NetworkManager[5700]: <error> [1325458737.135085] [nm-system.c:1061] nm_system_replace_default_ip6_route(): (eth2): failed to set IPv6 default route: -1

Despite the errors, IPv6 was working just fine, but I didn’t want the system generating all of these errors, so I disabled IPv6 and the errors stopped. I got busy with the search engines, and it appears that this is a problem that is shared with some other Unix variants, including Arch Linux and Debian. I haven’t seen any resolution to this; I have also submitted a question to the Fedora Forums regarding this problem.  It appears that every time my router sends an IPv6 route advertisement, this error cycle restarts.  It shouldn’t be doing anything unless the route advertisement has changed.

Following the disabling of IPv6, I got a lot of errors from named (the BIND name server) not being able to reach IPv6 addresses in the course of resolving addresses. I added the -4 option in /etc/sysconfig/named to cause it to only use IPv4 for the time being.

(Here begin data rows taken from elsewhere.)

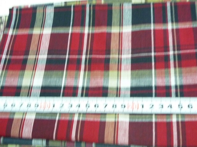 ・ブロード位の先染めのような生地です。イベントの見本生地のため一部にシールの粘着後が有る事があります。
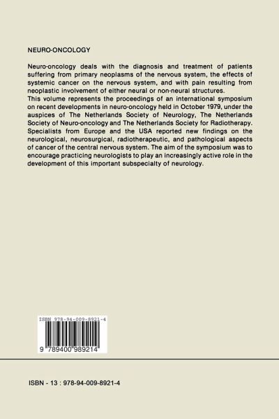 1. Neuro-Oncology: An Overview.- 2. Involvement of the Nervous System in Metastatic Disease of Childhood.- 3. Indications for Stereotactic Biopsy in Brain Tumours.- 4. Immune Deposits in Sural Nerve Biopsies from Patients with Paraneoplastic Polyneuropathy.- 5. The Pathology of Paraneoplastic Encephalomyelopathies.- 6. Treatment of Brain and Spinal Metastases.- 7. The Role of Radiotherapy in the Management of Intra-Cerebral Metastases.- 8. Radiotherapy in Epidural Spinal Cord Compression.- 9. Epidural Spinal Cord Compression from Metastatic Tumor: An Analysis of eighty-three Patients treated with Radiation Therapy and Steroids.- 10. Growth Retardation as a Complication of Radiotherapy in Children with Brain Tumours.- 11. Neurosurgical Management of Spinal Metastases Causing Cord and Cauda Equina Compression.- 12. Chemotherapy and the Nervous System.- 13. Superimposed Viral Infection. The Behaviour of Herpes Viruses in Immunosuppressed Patients.- 14. Central Nervous System Metastases in Small Cell Carcinoma of the Lung. A Review..- 15. CNS-Leukaemia Prophylaxis in Adult Acute Lymphoblastic Leukaemia.- 16. Abnormal CT-scans of the Brain in Children with ALL: The Role of Intravenous MTX Therapy.- 17. Pathology of Central-Nervous-System Diseases in Childhood Leukemia.- 18. Cerebro-Meningeal Complications in Non-Hodgkin-Lymphoma and Adult Myeloid Leukemia.- 19. Subdural Haematoma due to Meningeal Metastasis.- 20. Clinical Aspects of Meningeal Carcinomatosis.- 21. Treatment of Meningeal Leucaemia, Meningeal Lymphoma and Carcinomatosis.- Short Communications.- 22. The Role which Viruses may play in the Causation of Paraneoplastic Neurological Syndromes.- 23. CSF Cytology in Secondary CNS Malignancies.
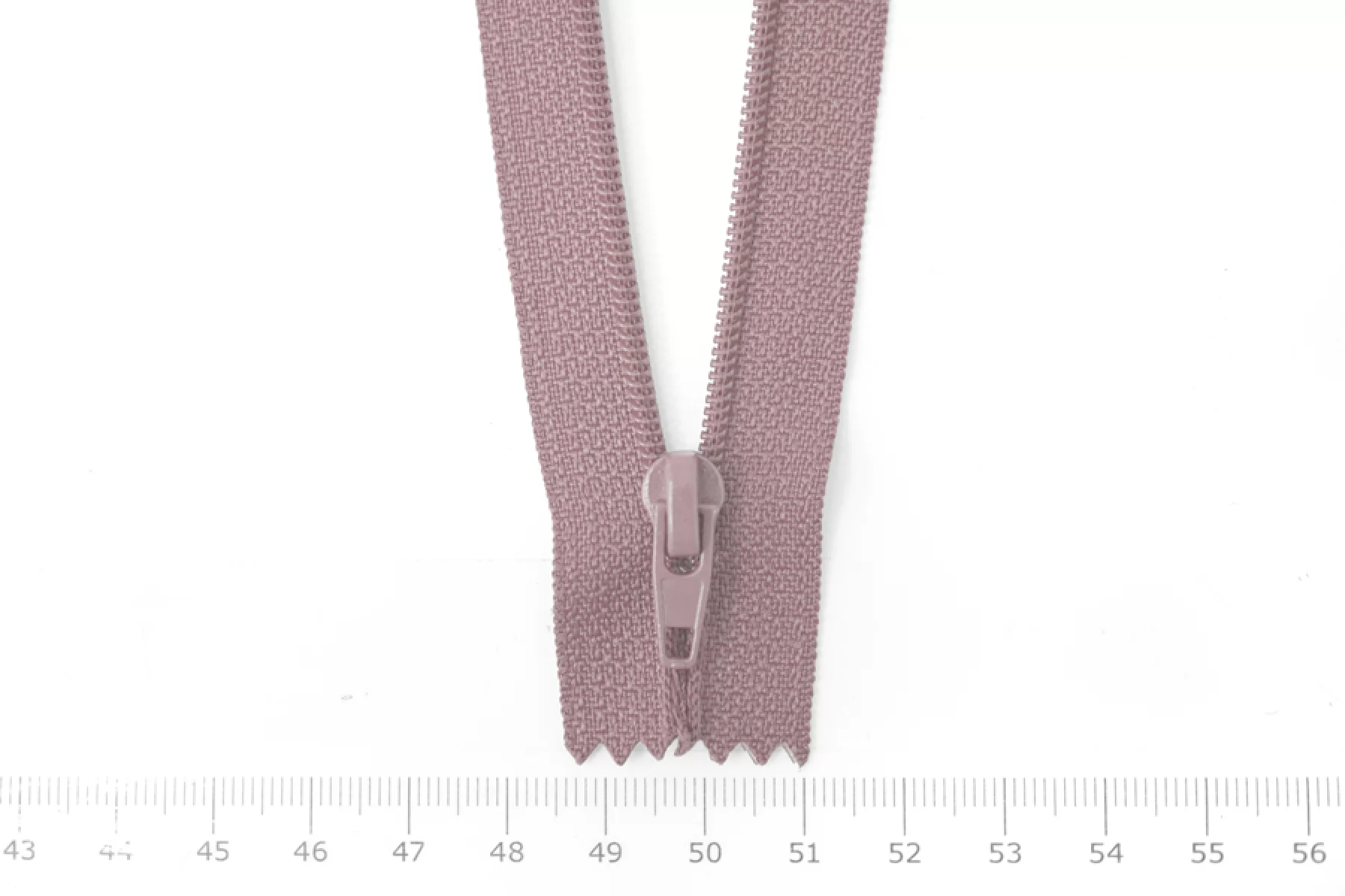 Молния от EDICATE неразъемная, в оттенке пыльной розы, цвет зубцов и пуллера пыльно-розовый. Зубцы пластиковые, пуллер -металлический. Длина 16 см. Ширина 2,5 м. Ширина зубцов 4 мм.

Bottom line: IPv6, for me at least, is basically unusable in Fedora 16.  This is a serious deficiency.

Services

Fedora 16 has changed the way that system services (daemons, etc) are managed.  While in the past this was done directly with the service and chkconfig commands, this is now done with the systemctl command.  Fortunately, service commands are still accepted and translated into systemctl commands for those of us for whom habits die slowly.

One of the first things I noticed on upgrading to Fedora 16 is that dovecot, the IMAP server I use, no longer worked. It turns out that the service was disabled for some unknown reason. Re-enabling and starting the service solved the problem

But after a day or so I noticed that I was no longer receiving logwatch emails. It turns out that the crond process had similarly been disabled and was not running. While dovecot is something that not everyone uses, I am really puzzled about why cron would have been disabled.

Summary

This year’s Fedora upgrade involved about the same level of problems as previous years, with some chronic problems (boot, graphics) and some unique problems (networking, services). I am quite unhappy at having to disable IPv6 to keep the system from reconfiguring the network every minute or so; I hope this problem is fixed soon. Otherwise, this seems to have been an OK upgrade, but I’m glad this only happens once a year.